Entries shown —
__________________________________________________
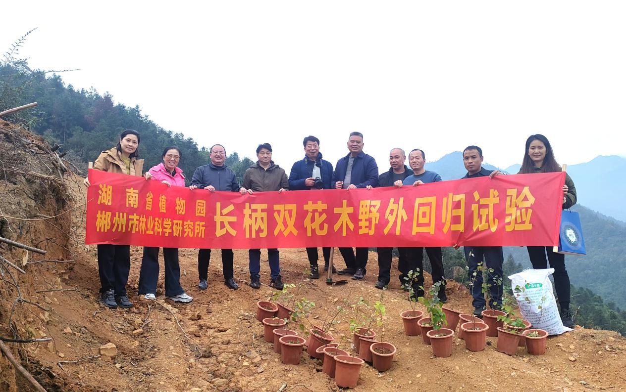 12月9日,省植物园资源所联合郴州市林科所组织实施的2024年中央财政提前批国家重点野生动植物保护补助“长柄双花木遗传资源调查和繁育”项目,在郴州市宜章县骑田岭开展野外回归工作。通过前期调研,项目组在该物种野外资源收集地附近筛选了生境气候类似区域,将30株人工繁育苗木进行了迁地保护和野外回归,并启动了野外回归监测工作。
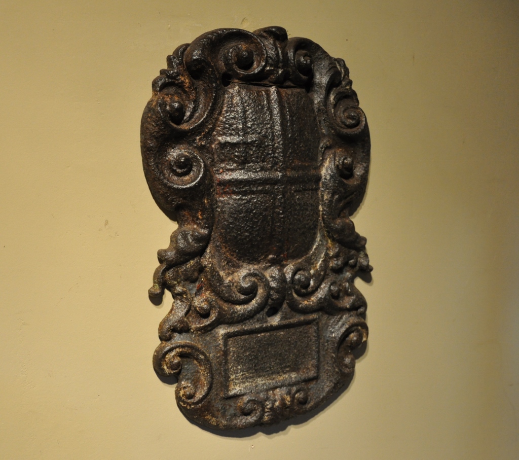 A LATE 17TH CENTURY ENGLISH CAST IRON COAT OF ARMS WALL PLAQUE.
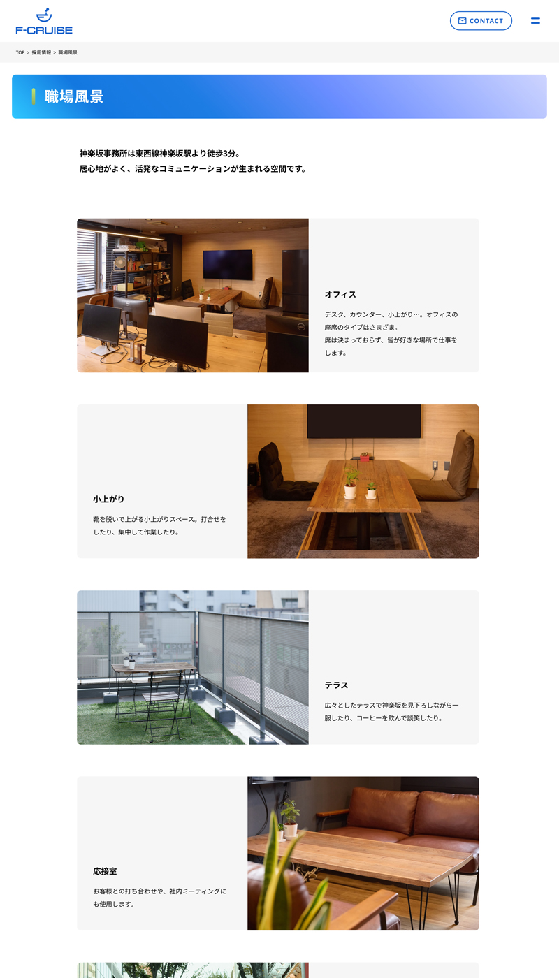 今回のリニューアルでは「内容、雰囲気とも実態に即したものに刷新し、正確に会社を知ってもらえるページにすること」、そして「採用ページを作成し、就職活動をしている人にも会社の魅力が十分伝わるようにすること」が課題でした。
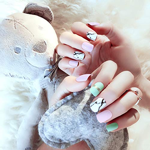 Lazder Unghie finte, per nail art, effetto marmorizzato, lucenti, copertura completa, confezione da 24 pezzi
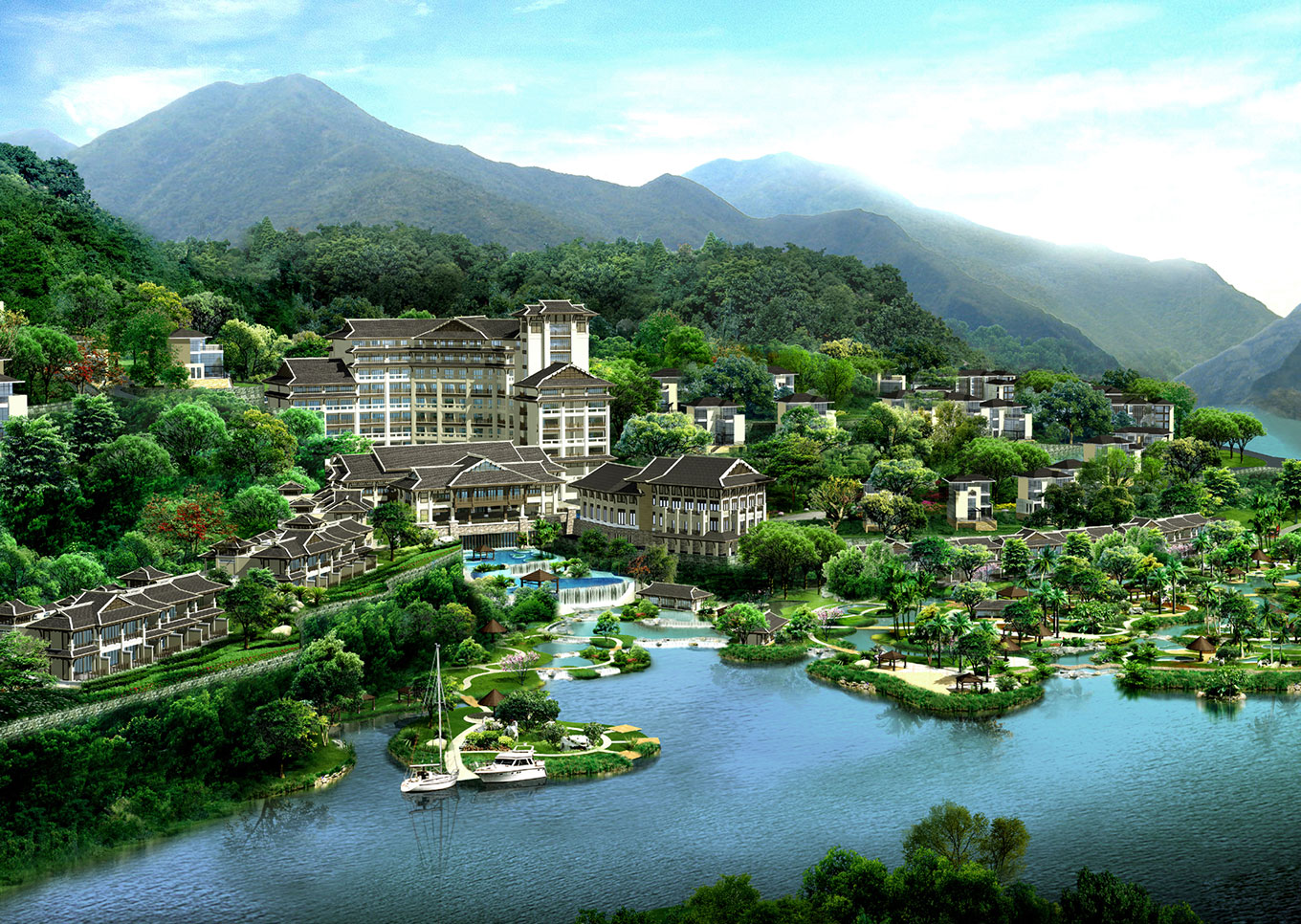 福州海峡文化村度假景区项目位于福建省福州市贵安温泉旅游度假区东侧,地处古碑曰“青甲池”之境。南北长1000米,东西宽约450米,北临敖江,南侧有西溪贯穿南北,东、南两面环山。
__________________________________________________
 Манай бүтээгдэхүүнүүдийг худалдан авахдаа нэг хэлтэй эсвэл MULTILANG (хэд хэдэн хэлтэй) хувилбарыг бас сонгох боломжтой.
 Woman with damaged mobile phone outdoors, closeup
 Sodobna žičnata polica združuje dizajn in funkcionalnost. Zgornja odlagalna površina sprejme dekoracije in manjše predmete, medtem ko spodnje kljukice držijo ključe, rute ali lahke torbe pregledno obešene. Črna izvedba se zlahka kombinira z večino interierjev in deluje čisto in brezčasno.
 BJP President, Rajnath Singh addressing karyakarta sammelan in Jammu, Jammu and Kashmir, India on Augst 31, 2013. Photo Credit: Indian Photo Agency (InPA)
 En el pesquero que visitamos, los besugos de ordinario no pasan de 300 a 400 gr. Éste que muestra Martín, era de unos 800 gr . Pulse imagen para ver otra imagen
__________________________________________________
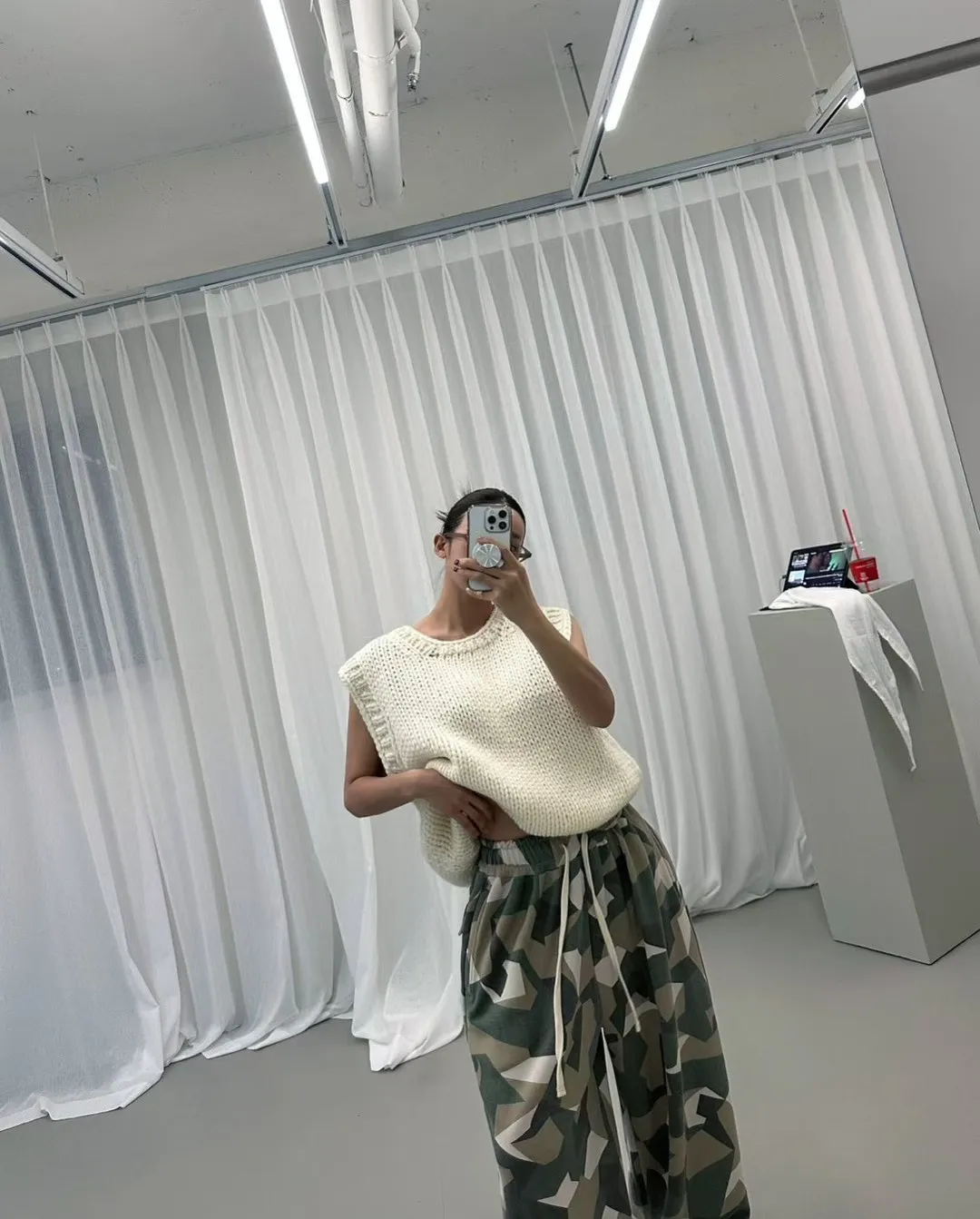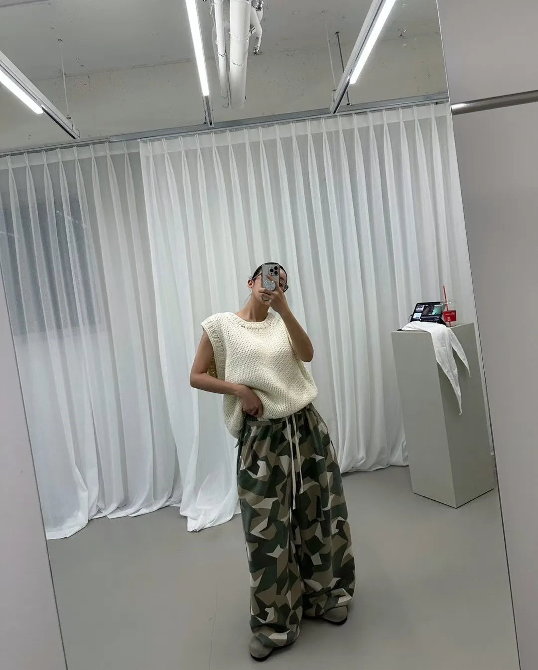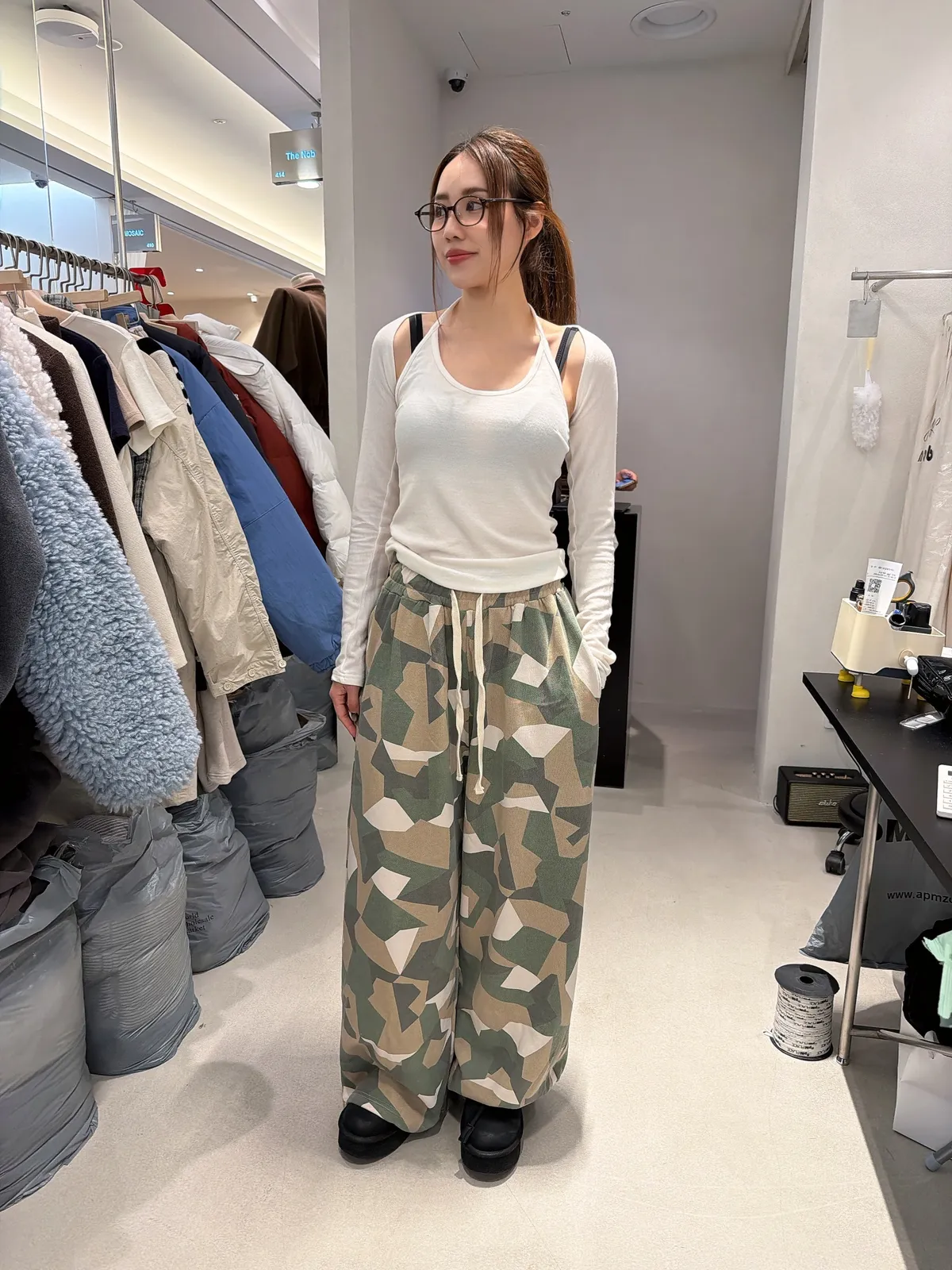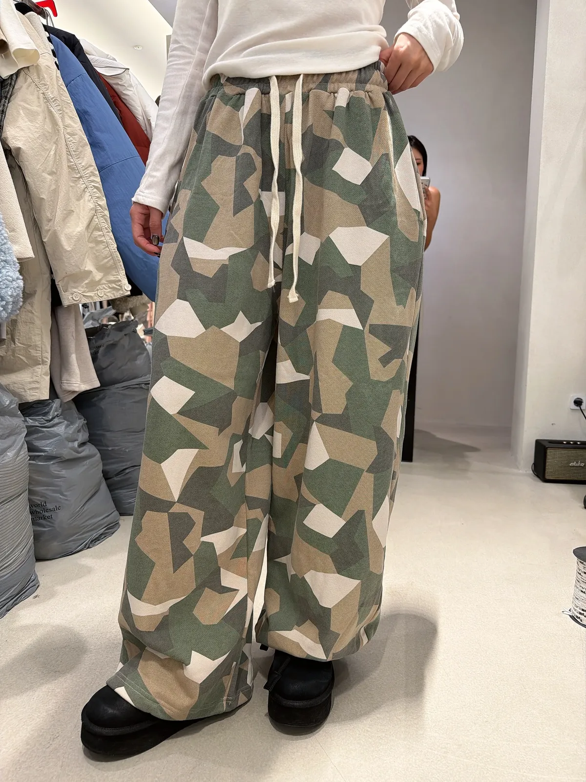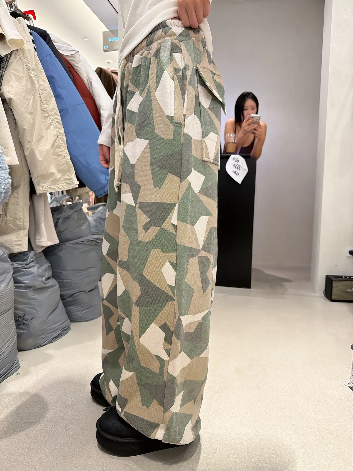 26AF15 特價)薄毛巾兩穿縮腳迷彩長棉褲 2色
__________________________________________________
Exercise aim — After locating the line with "BJP President, Rajnath" above, return that line and every later line through the one with "En el pesquero", word for word and with nothing else.

Task output —
 BJP President, Rajnath Singh addressing karyakarta sammelan in Jammu, Jammu and Kashmir, India on Augst 31, 2013. Photo Credit: Indian Photo Agency (InPA)
 En el pesquero que visitamos, los besugos de ordinario no pasan de 300 a 400 gr. Éste que muestra Martín, era de unos 800 gr . Pulse imagen para ver otra imagen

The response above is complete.